Incident Post-Mortem: Builds Failing

communications/postmortems/2025-07-17.md

2025-12-182.6 KB
Original Source

Incident Post-Mortem: Builds Failing

  • Date: 2025-07-17
  • Duration: 6:29pm to 11:05pm
  • Impact: 53 build failures across 22 projects
  • Severity: Critical
  • Prepared by: Noah Crowley, Abhi Aiyer, Ose Dania

Issue Summary

Changes were made to improve the availability of the underlying Knative infrastructure, which resulted in persistent volume claims (PVC) being disabled. As a result, builds were failing until PVC functionality was re-enabled.

Timeline

All times in Pacific Time (PT)

  • 6:23pm: Changes were made to Knative infrastructure to improve availability
  • 6:29pm: First build failure occurred
  • 10:26pm: Build failures identified by staff, response initiated
  • 10:46pm: SME paged
  • 10:49pm: Identified cause of failures: Persistent volume claims disabled
  • 10:59pm: Last build failure occurred
  • 11:02pm: Persistent volume claims re-enabled
  • 11:05pm: Incident recovered

Root Cause Analysis

In order to reduce deployment times and improve performance, our runners use PVC claims to mount Filestore volumes.

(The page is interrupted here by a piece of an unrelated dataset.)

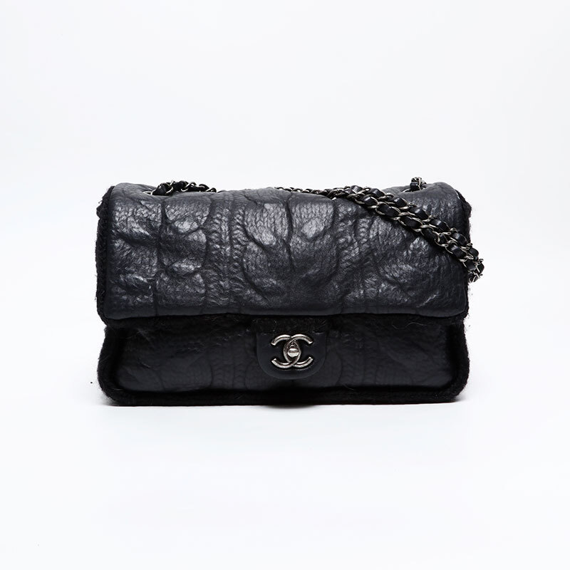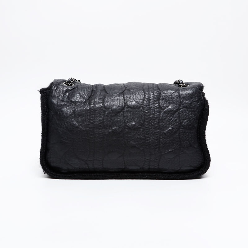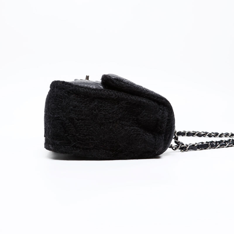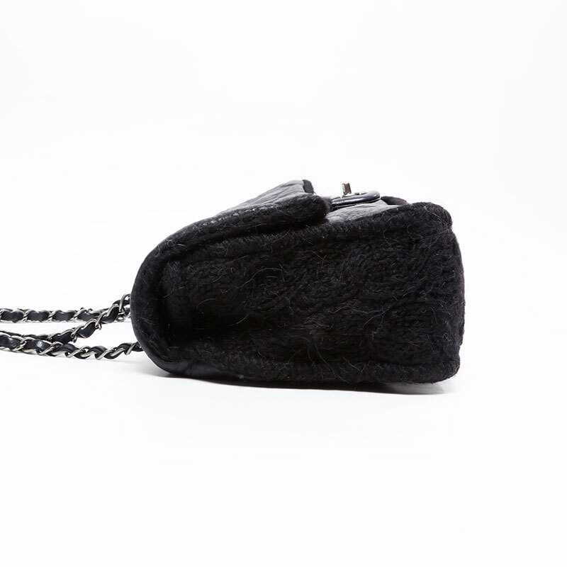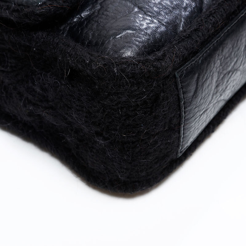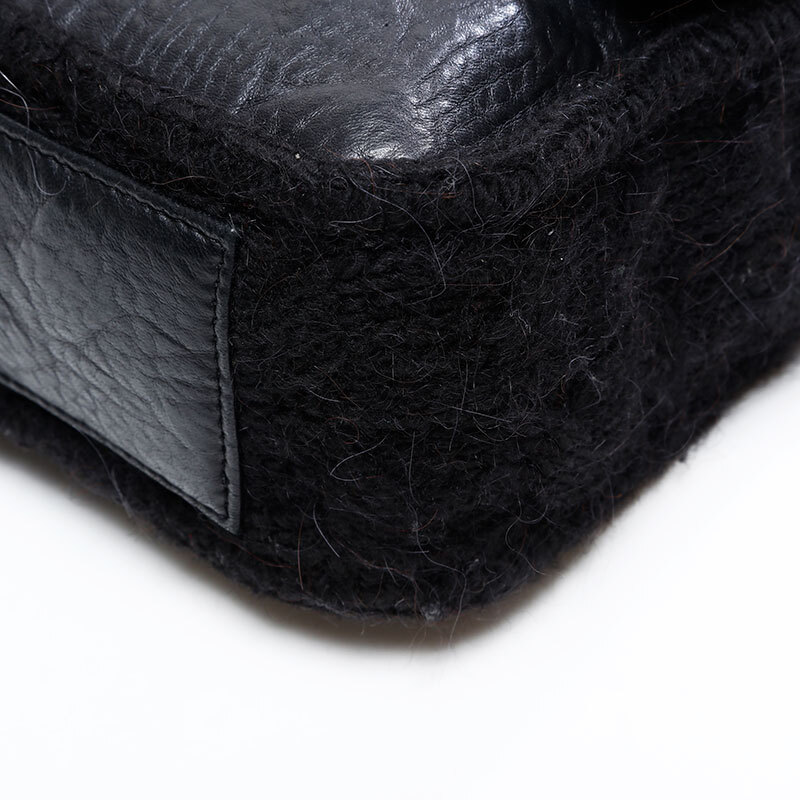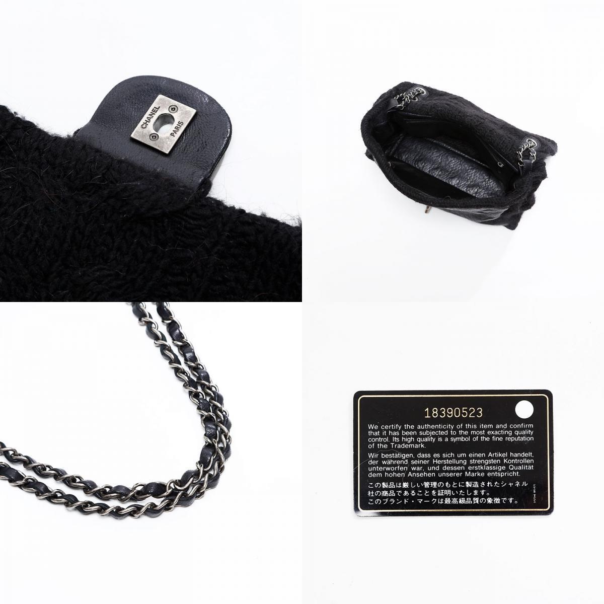 シャネル CHANEL ショルダーバッグ 18番台 2013-2014 レザー ニット ダブルチェーン フラップ ブラック

When changes intended to improve availability were made to the underlying Knative infrastructure, the new configuration inadvertently disabled PVC claims for Knative services. When build jobs complete, they automatically deploy a new runner with the updated build. Because the runner configuration includes a read/write PVC, but PVCs were disabled, the conflict caused Knative to fail when creating the new runner service. This in turn caused the build job to fail.

Resolution

Knative configuration was updated to re-enable PVCs.

Impact Assessment

  • Users Affected: 53 builds across 22 projects
  • Services Affected: Mastra Cloud builder, runner
  • Duration: 4h 36m

Action Items

Immediate Actions (0-7 days)

  • Add business logic alerts for failed builds
  • Log build failures as errors
  • Reconcile IaC with existing configuration
  • Implement Incident.io

Short-term Improvements (8-30 days)

  • Add synthetic monitor that triggers a build
  • Staging Environment

Lessons Learned

What Went Well

  • Issue was identified by staff
  • SME was able to identify proximate cause through error messages

What Went Wrong

  • No validation of business functionality after infrastructure changes
  • Limited ability to page engineers
  • Drift between IaC and production configuration

Where We Got Lucky

  • Issue was identified by staff
  • Issue was not during prime business hours

Prevention Measures

Improvements to logs, metrics, and alerting.

Implementation of incident management tooling, including on-call and pagers.